Out of the classroom, Lillie used her strengths to assist with running the books for the school for a time, Campbell said. After Dauph passed away in 1929, Lillie became business manager and treasurer where she first earned a salary from the college.
Lillie’s contribution to the success of the university is a legacy to remember. In her speech at Appalachian State’s second annual Founders Day celebration in September, Stam said Lillie was crucial in helping keep the school afloat during a period of poverty that struck the mountain region after the Great Depression.
Campbell provided insight from a historian’s perspective on Lillie’s contribution to the founding of Appalachian State.
“Historically, people look at the two men,” Campbell said. “But no historian today would look at the record and not see three equal founders.” Campbell said to fully examine the significance of Lillie’s life in the 20th century, an onlooker must place her in her historical context. By understanding Lillie’s uniqueness in the early 20th century, the gravity of Lillie’s actions in co-founding the university, caring for her family and being an active part of the Boone community can be fully appreciated.
A true musician and teacher at heart, Lillie’s passion for both throughout her life has impacted the generations that have followed behind. Dozens of her kin are or were musical performers or educators. According to Stam, one of Lillie’s great-grandsons is a world-renowned pedal steel guitar builder and another relative has a graduate degree in string bass performance and played with the N.C. Symphony. Along with musicians, countless members of Lillie’s descendants are or have been teachers in higher education or grade school.
Lillie loved the people in the town where she lived. She invested deeply in her family and the college, but also in the High Country community. Leaving eastern Tennessee for Boone was not an easy choice, yet Lillie fully embraced the mountain town. She exemplified hospitality as she opened her home to college students, faculty members, church members and others from the Boone area.

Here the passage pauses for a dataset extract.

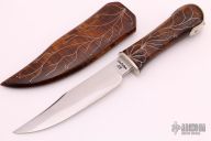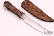Jay started making knives in 1974, while working at IBM. Jay became a full time knifemaker in 1987 and received his ABS Master’s Certification in 1989. Jay was one of the ABS members instrumental in the planning and formulation of the W. F. Moran School of Bladesmithing in Washington, Arkansas and the Bladesmith Museum in Little Rock, Arkansas. He has been teaching the basic bladesmithing course at the school since its beginning. Prior to this, Jay taught ABS classes at the Rochester Institute of Technology in Rochester, NY for five years. Jay makes all styles of straight knives. He makes his own Damascus, does all of the handle treatments, and creates and hand sews his own sheaths. In 1995, Jay was presented with the ABS’s highest honor, the Don Hastings Award. The annual honor goes to an individual “who has performed outstanding service on behalf of the forged blade in the tradition of Don Hastings,” one of the founders of the ABS. In 2004, Jay won the William Scagel Award, presented by the ABS to a bladesmith “for longtime service to promote the forged blade.” Jay was voted into the ABS Bladesmithing Hall Of Fame in 2006. Inducted into the Blade Magazine Cutlery Hall of Fame in 2021.
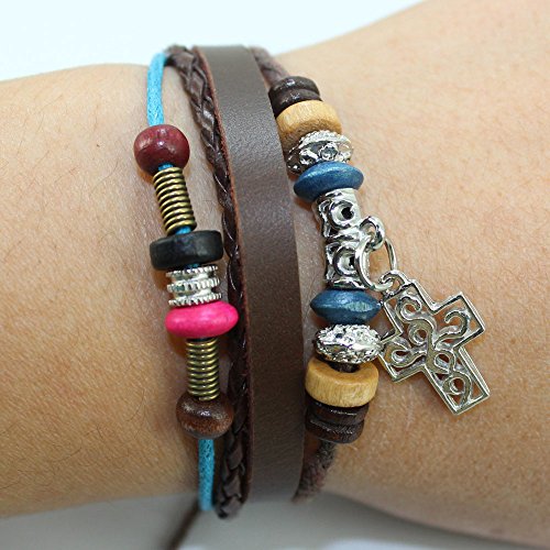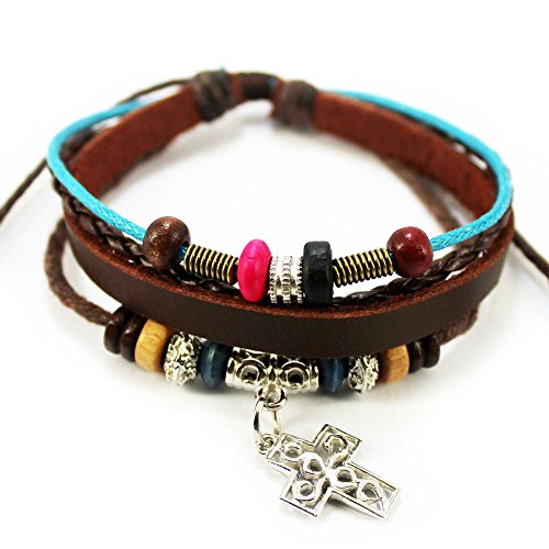 Charm Metal Cross Pendant Multistrand Leather Adjustable Wrap Bracelet

“Lillie was of the mountain people, and for the mountain people,” Stam said. “Lillie’s contribution in mending fences and leveling differences of opinion between the town and the college — understandable with such close proximity and potentially different needs and goals — is spoken of among our family, but not widely known.”

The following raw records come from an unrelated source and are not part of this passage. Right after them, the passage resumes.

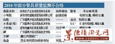在抽檢的21種不合格陶瓷商品中,有14款是沒有商標(biāo)的;而且能標(biāo)出生產(chǎn)企業(yè)的也只有兩款,其余都是在批發(fā)市場、陶瓷商店購買的,其中番禺沙溪日用品批發(fā)市場及其陶瓷批發(fā)店的有11款,有一款名稱為“鮑魚盤”的不合格產(chǎn)品只標(biāo)出銷售地為“潮州”。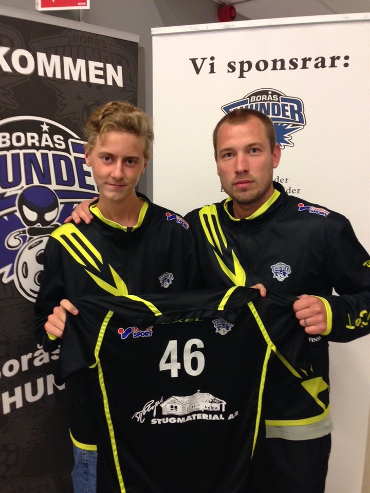 Här kommer lite frågor till vår unga ny signade och väldigt lovade Axel Malmgren. Tja Axel, Hur är läget? Tja Pirre, allt är bra med mig Du kommer från div 2 laget Rydboholm SK, hur känns det att ta klivet upp till div 1? Det känns väldigt bra, är oerhört taggad på snabbare spel och tuffare motstånd. Vad har du för målsättning denna säsongen? Min målsättning med denna säsongen är att visa alla boråsare vad jag går för. Samt hjälpa laget så gott jag kan med mitt spel. Din storebror Arvid lirar i Borås IBF, hur känns det att spela ihop med brorsan igen? Jo men det känns kul. Det blir mycket intriger mellan oss vilket ja tror vi båda kan ta till vår fördel och utvecklas. Visste du att jag kommer att fylla din vattenflaska 4 gånger i veckan (träningar + match) nice va? Ja Nice som fan. Känns som en dröm gick i uppfyllelse. Har du någon innebandyn förebild? Har ju såklart alltid sätt upp till Brorsan och kusinerna och har alltid velat mäta mig med dom. Annars är det ingen speciell. Om du kommer i ett friläge vart vad tänker du då? Tänker väl mest på hur jag ska dra målvakten. Brukar oftast försöka rulla den under keepern. Läste på innebandynmagazinet vilka juniorer i Sverige man ska hålla ett extra öga på och du är en av dom, Varför? Vet inte riktigt någon måste sett fel. Vad är din styrka? Jag är väl teknisk, har bra spelförståelse och passar hyfsat. Men största styrkan är helt klart fysiken. Vilket nummer vill du ha på din matchtröja och varför? Nr 67 eftersom farsan är född då så vill hedra honom. Ett varmt välkommande och lycka till nu i Borås Thunder IBF. Ett nöja att få ha dig här hos oss. Tack så mycket för pratstunden.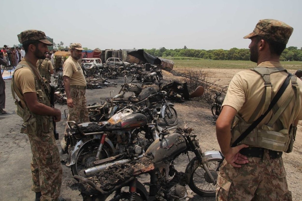 “People of the area and passersby had started gathering fuel when the tanker exploded, burning everybody on and around the spot,” provincial government spokesman Malik Muhammad Ahmed Khan told Reuters.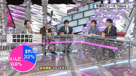 3万超の投票がなされた結果、68%が「安倍首相の靖国参拝は」に賛意を示し、
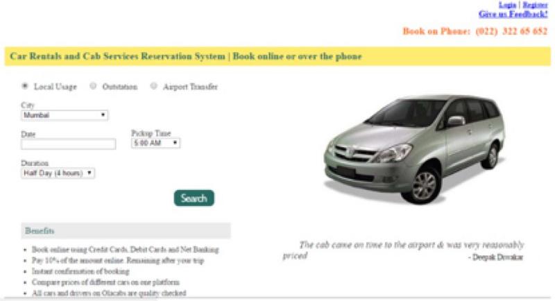 印度系的Olacabs已经算老牌了,不过早在2011年,它的主页看起来更像是一个普通的汽车租赁网站。

Though Lillie did not live to see what began as Watauga Academy grow to the success of Appalachian State today, Lillie’s contribution to the school cannot be overlooked. Yet, Lillie love’s for teaching and music never overshadowed her passion to love and care for her family. Lillie poured herself out as she gracefully served her family and her community.

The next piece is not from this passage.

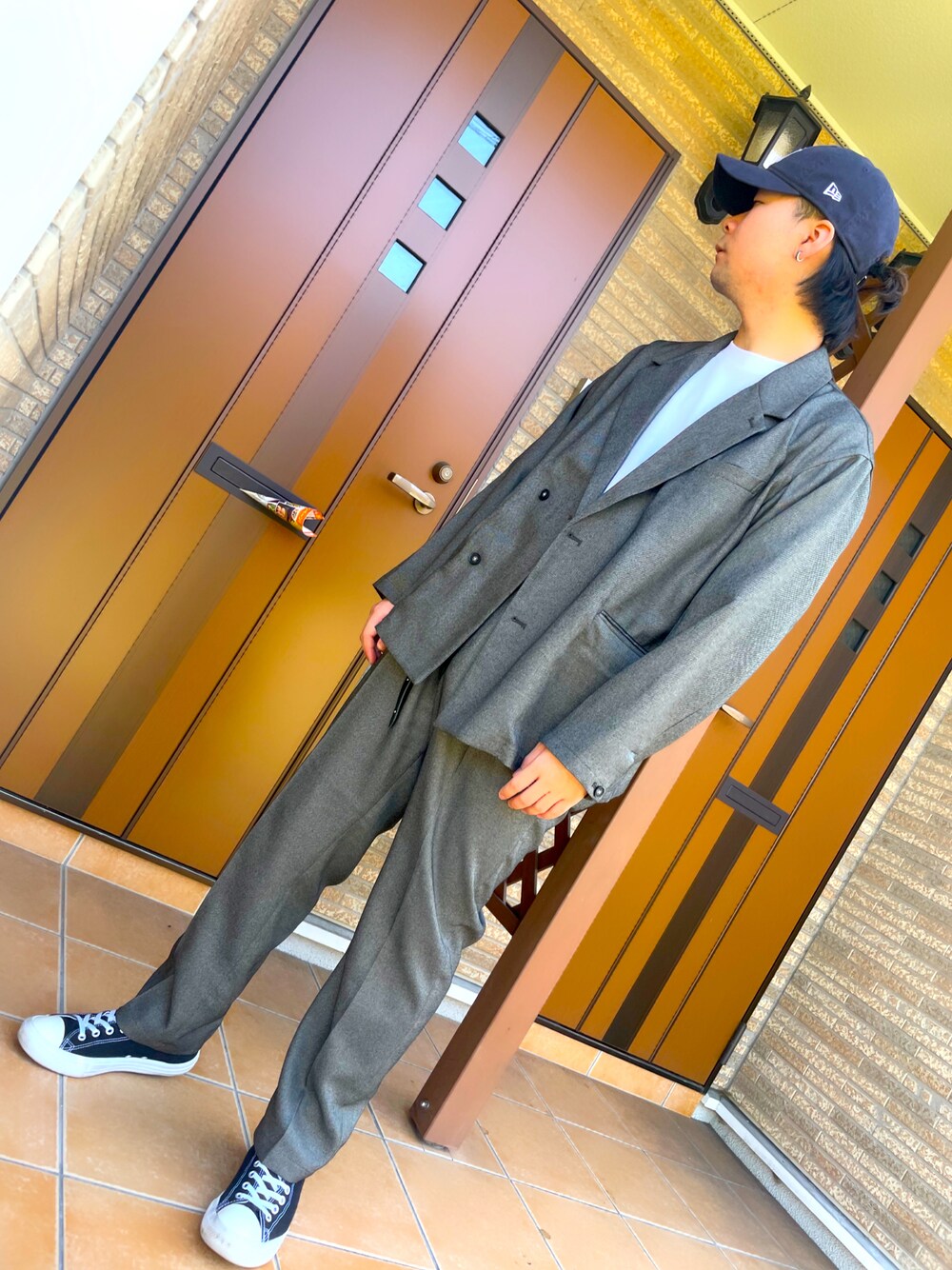 昨日の一枚📸 セットアップコーデ! 秋はツイードよね!! かっちりした色のセットアップをキャップとスニーカーで外しました👟

“What apt words to describe her: strength and service,” Stam said. “True strength, is not self-promoting but serving, and I believe it was her Christian faith that gave her that understanding and developed in her these dual attributes.”
Wife. Mother. Teacher. Musician. Business manager. Treasurer. Secretary. Hostess. Event planner. Cook. Visionary. Community ambassador. University co-founder. Lillie was a well-rounded woman vital to the prospering of the High Country in the 20th century.
At the September 2019 Founders Days festivities in which Lillie’s statue was dedicated on Appalachian State’s campus, Stam eloquently summarized her great-grandmother’s legacy.
“The life of Lillie Shull Dougherty cannot be measured by her visible achievements as teacher or business manager at Appalachian, or even the decades of entertaining and homemaking for the school. Less apparent and more lasting was her steadfastness of purpose to serve, and the integrity of her character in doing it.”